Materials and Methods
Mice and Ozone Treatment.
mPGES-1-deficient mice [mPGES-1(−/−)] and their controls [mPGES-1(+/+)] were generated by corresponding homozygous breeders that were derived from intercrossing mPGES-1(+/−) mice, which are derived from the original mPGES-1(−/−) mice on a DBA background (Trebino et al., 2003) and backcrossed to C57BL/6 for seven generations. Female mice were exposed for 2 h to ozone at 6 ppm or forced air (FA) while being deprived of food and water. Ozone was generated as described previously (Kierstein et al., 2006, 2008). This concentration of ozone induces an increase in murine airway sensitivity to a contractile agonist without the presence of immediate infiltrating inflammatory cells, as previously determined in an assessment of precision-cut lung slices (PCLS) airway function (Cooper et al., 2010).
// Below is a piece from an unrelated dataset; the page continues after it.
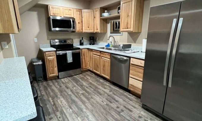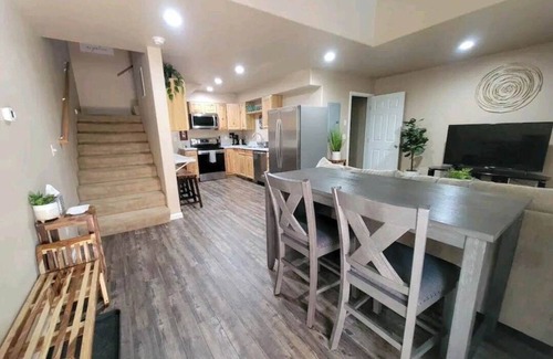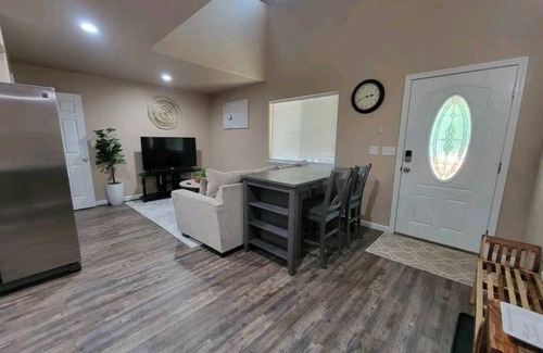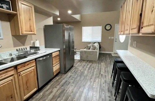 Come and relax in our beautiful home with brand new furniture. Centrally located with a covered carport for your convenience! Just minutes from the gas station, coffee shops, bowling alley, banks, doctors, stores, etc. All your needs will be close by! Some amenities include Wifi, Smart TV, washer & dryer in unit. You will have a full kitchen with dishwasher to cook all your meals. A electronic keypad is on the front door for convenient check in.
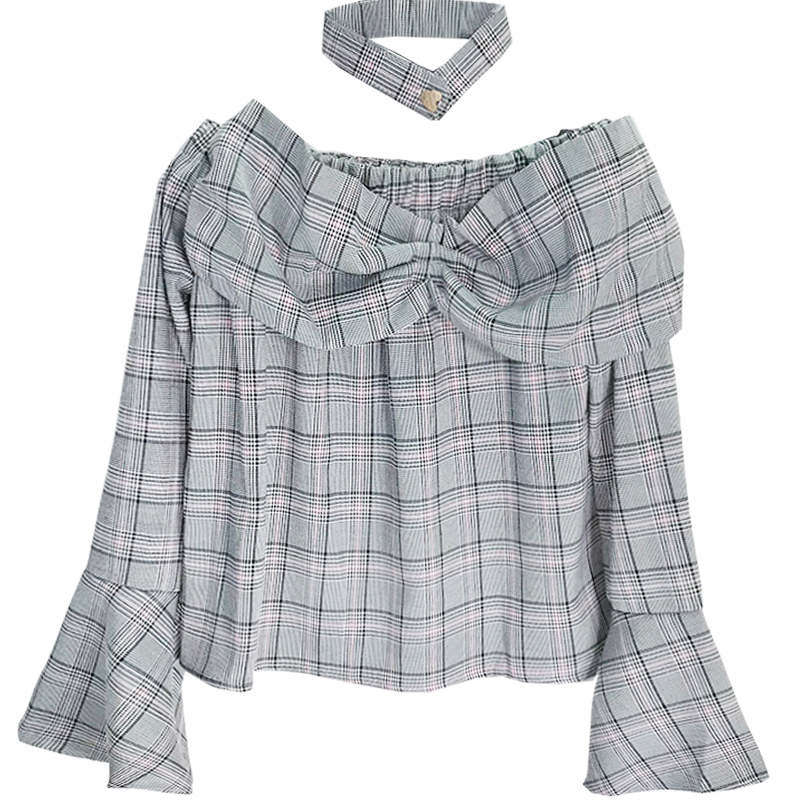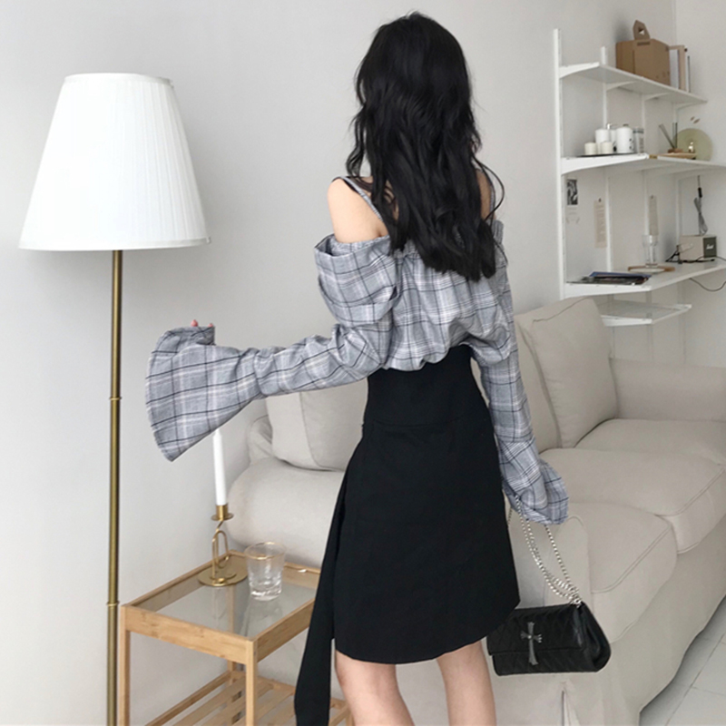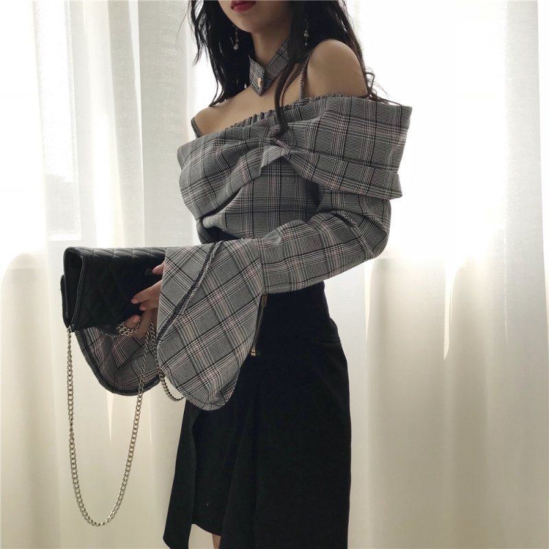 春秋裝女2018新款漏鎖骨一字露肩秋天上衣 港味復古氣質冷系女裝

Ozone treatment also induces delayed airway inflammation and hypersensitivity, and this was studied in mice 18 h after the exposure by measuring respiratory mechanics.
Mice were euthanized after assessment of lung function, and bronchoalveolar lavage (BAL) fluid was collected by perfusing the lung three times with two 1.0-ml aliquots of phosphate-buffered saline through a syringe attached to the trachea. Recovered BAL fluid was centrifuged, and the supernatant was analyzed for eicosanoids, cytokines, and/or protein content. The cell pellet was resuspended and processed for total and differential cell counts by routine methods. All animals were housed according to the guidelines of the Institutional Animal Care and Use Committee of the University of Pennsylvania, and all experiments were approved by the committee.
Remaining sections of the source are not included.